But does he object to such policies? Apparently not, because the rest of his article tries to make a case for England practising the most rigorous ‘racially and culturally determined selection’. Addressing a WCM correspondent who had argued that it was wrong to lump DeFreitas and Ramprakash in with cricket migrants from southern Africa like Smith and Hick, Henderson boldly nails his colours to the mast:
‘If I were to take the coward’s way, I could point out that DeFreitas came to England at quite an advanced age (around 10) … I could say, of course, I was not referring to Ramprakash … because he was born and bred here. But those would be weasel words.’

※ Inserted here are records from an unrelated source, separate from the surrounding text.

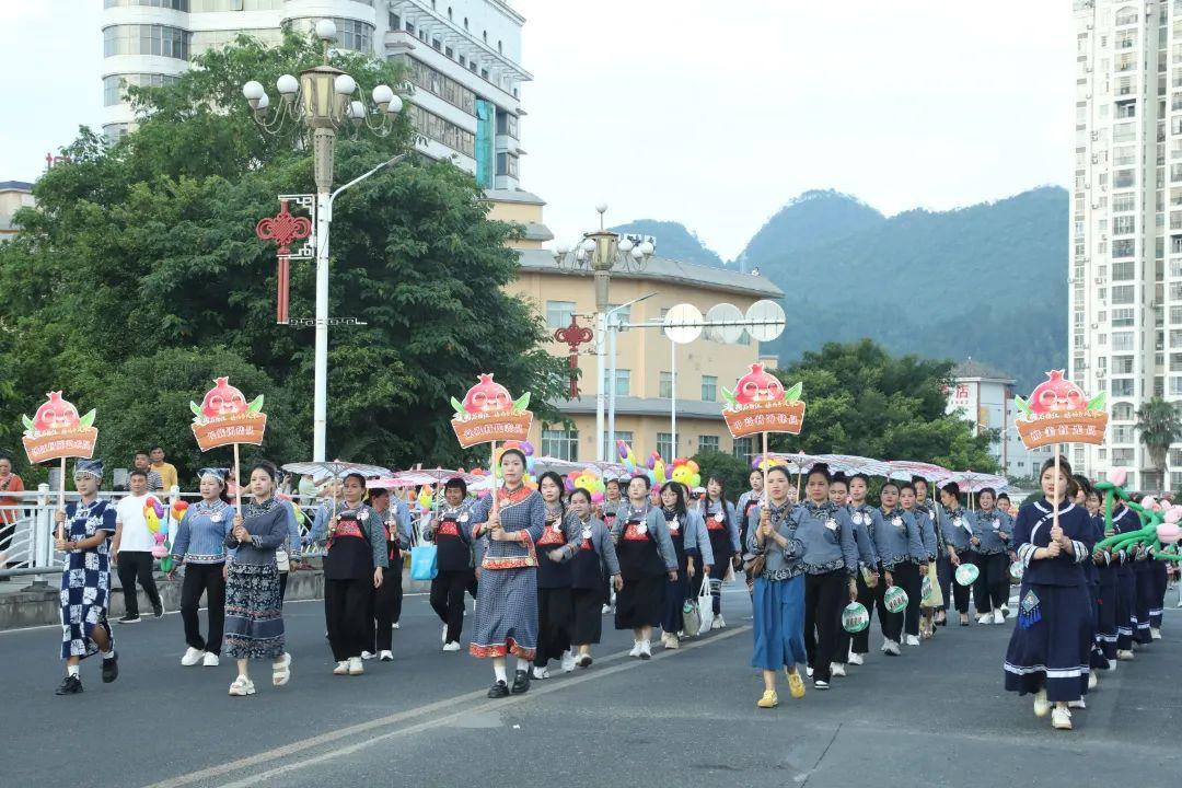 巡游長龍從荔波中央城前浩蕩出發(fā),來自各鄉(xiāng)鎮(zhèn)(街道)五十余支隊(duì)伍的“姑媽”們,從四面八方趕來相聚,組成體現(xiàn)本地特色民族文化的方陣,正整裝待發(fā)。她們身穿各式各樣的民族服飾,臉上洋溢著喜悅的笑容。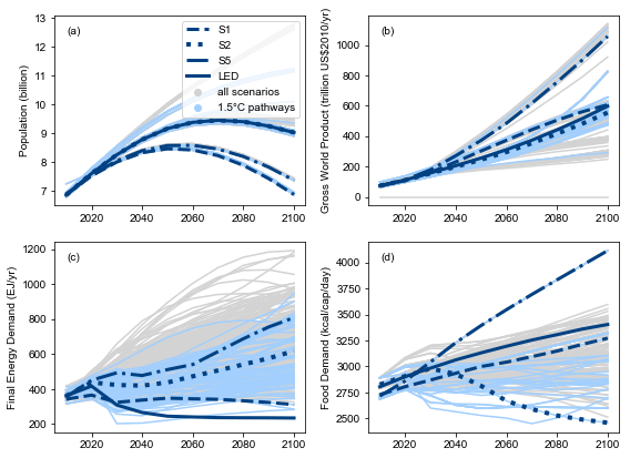 Figure 2.4 of the IPCC SR15, showing the range of assumptions of socioeconomic drivers
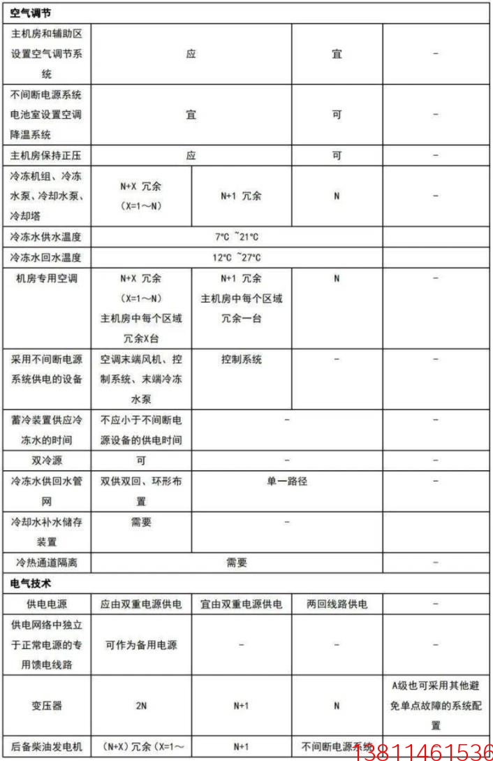 A、B、C三级机房设计要素中的各种要求和规则,如位置选择、环境要求、建筑结构、空气条件、电气技术、供电电源质量要求、机房布线、环境和设备监控系统、安全防范系统、消防等。比如,在环境要求项下的主机房开机温度标准中,A级和B级机房为23+/-1摄氏度,C级则为18~28摄氏度。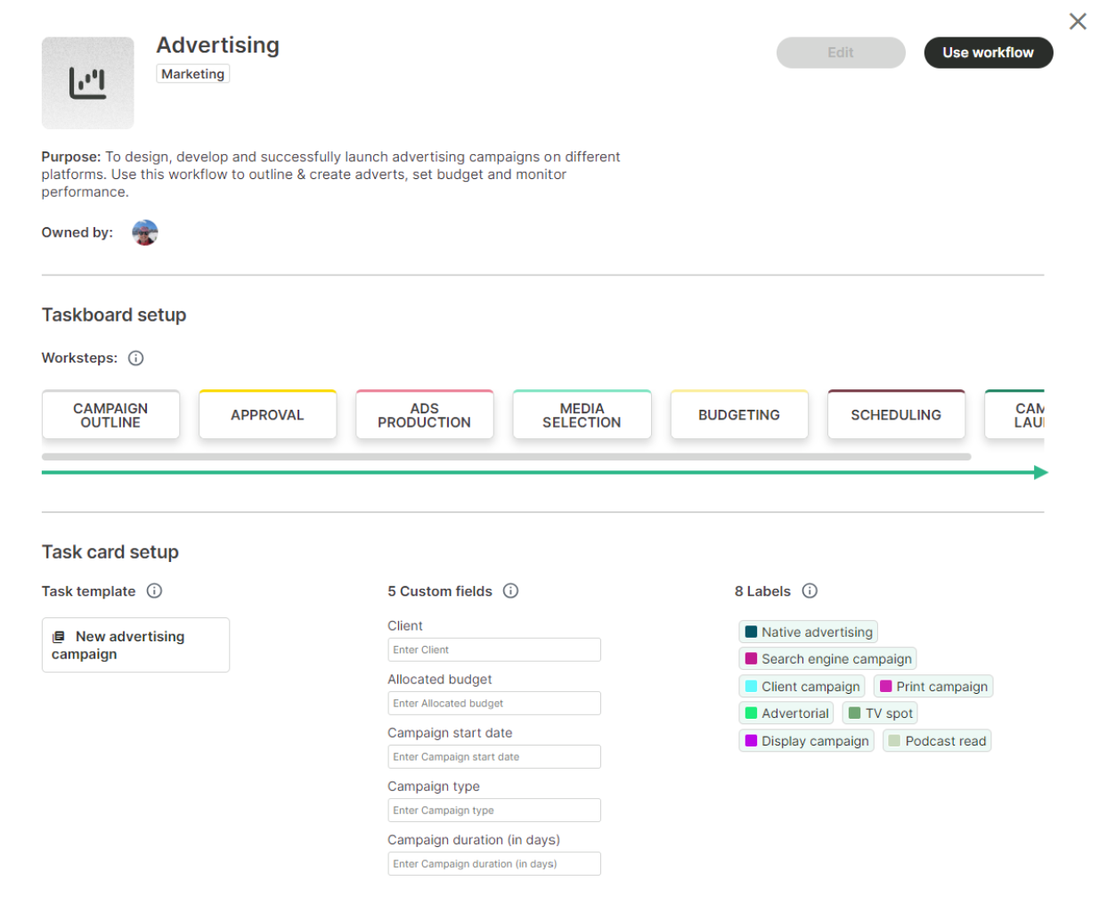 If you're looking for a Workflow for your Marketing Agency, you're in the right place. Our marketing project management software will help you seamlessly manage marketing and advertising campaigns for different clients.

Henderson then quotes Matthew Engel’s observation in the 1995 Wisden: ‘It cannot be irrelevant to England’s long-term failures that so many of their recent Test players were either born overseas and/or spent their formative years as citizens of other countries.’ He omits Engel’s crucial caveat (‘It is not a question of race’) and explicitly rejects its inclusiveness: ‘An Asian or a negro raised in England will, according to the liberal, feel exactly the same pride and identification with the place as a white man. The reality is entirely different.’ Most of the rest of the article is dedicated to proving that blacks and Asians, wherever born or raised, can never be ‘culturally’ English and can never feel ‘a deep, unquestioning commitment to England’.
‘Norman Tebbitt’s cricket test is as pertinent for players as it is for spectators. It is even possible that part of a coloured England-qualified player feels satisfaction (perhaps subconsciously) at seeing England humiliated, because of post imperial myths of oppression and exploitation.’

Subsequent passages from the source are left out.